Improvements in dispersibility can be evaluated using methods that
examine the increase in concentration of suspended particles or a
decrease in agglomerates. These methods include visual evaluation
for turbidity of the suspension, direct turbidity analysis using a
turbidimeter or a visible spectrophotometer, light microscopy for
evaluation of concentration of suspended particles and/or
concentration of agglomerated particles, or Coulter counter
analysis for particle concentration in suspension. Improvements in
dispersibility can also be assessed as an increase in wettability
of the powder using contact angle measurements.

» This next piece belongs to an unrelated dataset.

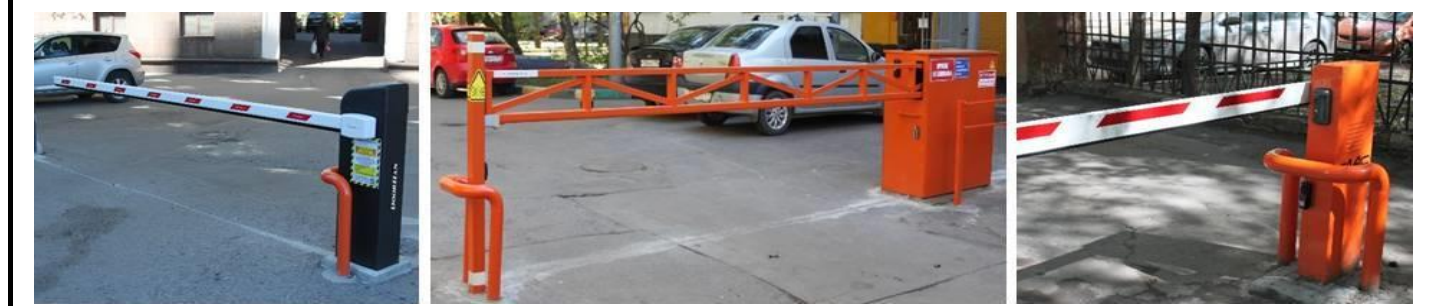
Фото 1 - ул. Дубровская 18 - шлагбаум Doorhan Barrier с защитой и Диспетчеризацией

Фото 2 - ул. Зеленодольская д.7 - Антивандальный шлагбаум сварной с защитой и Диспетчеризацией

[0154] In another embodiment, jet milling the microparticles can
induce transformation of the drug within the microparticles from an
at least partially amorphous form to a less amorphous form (i.e., a
more crystalline form). This advantageously provides the drug in a
more stable form.
[0155] In one embodiment, a second pharmaceutical agent is blended
with the first pharmaceutical agent microparticles, the excipient
material, or both. These materials can be jet milled individually
before blending, together after blending, or both before and after
the blending step. Jet milling advantageously can enhance the
content uniformity of a dry powder blend.
[0156] Jet-milling advantageously can provide improved
dispersibility of the dry powder, which provides for improved
aerodynamic properties for pulmonary administration.
[0157] Other Steps in the Formulation Process
[0158] The blended and jet milled product may undergo additional
processing. Representative examples of such processes include
lyophilization or vacuum drying to further remove residual
solvents, temperature conditioning to anneal materials, size
classification to recover or remove certain fractions of the
particles (i.e., to optimize the size distribution), granulation or
spheronization of the dry powder blend for processing into a solid
oral dosage form, compression molding to form a tablet or other
geometry, packaging, and the like. Some formulations also may
undergo sterilization, such as by gamma irradiation.
[0159] In one embodiment, oversized (e.g., 20 .mu.m or larger,
preferably 10 .mu.m or larger) microparticles are separated from
the microparticles of interest.
[0160] As illustrated in FIG. 5, the blended, jet-milled product
may be further processed to convert it into a variety of dosage
forms for administration of the pharmaceutical agent microparticles
by different routes. Two dosage forms of particular interest
include solid oral dosage forms and injectable dosage forms.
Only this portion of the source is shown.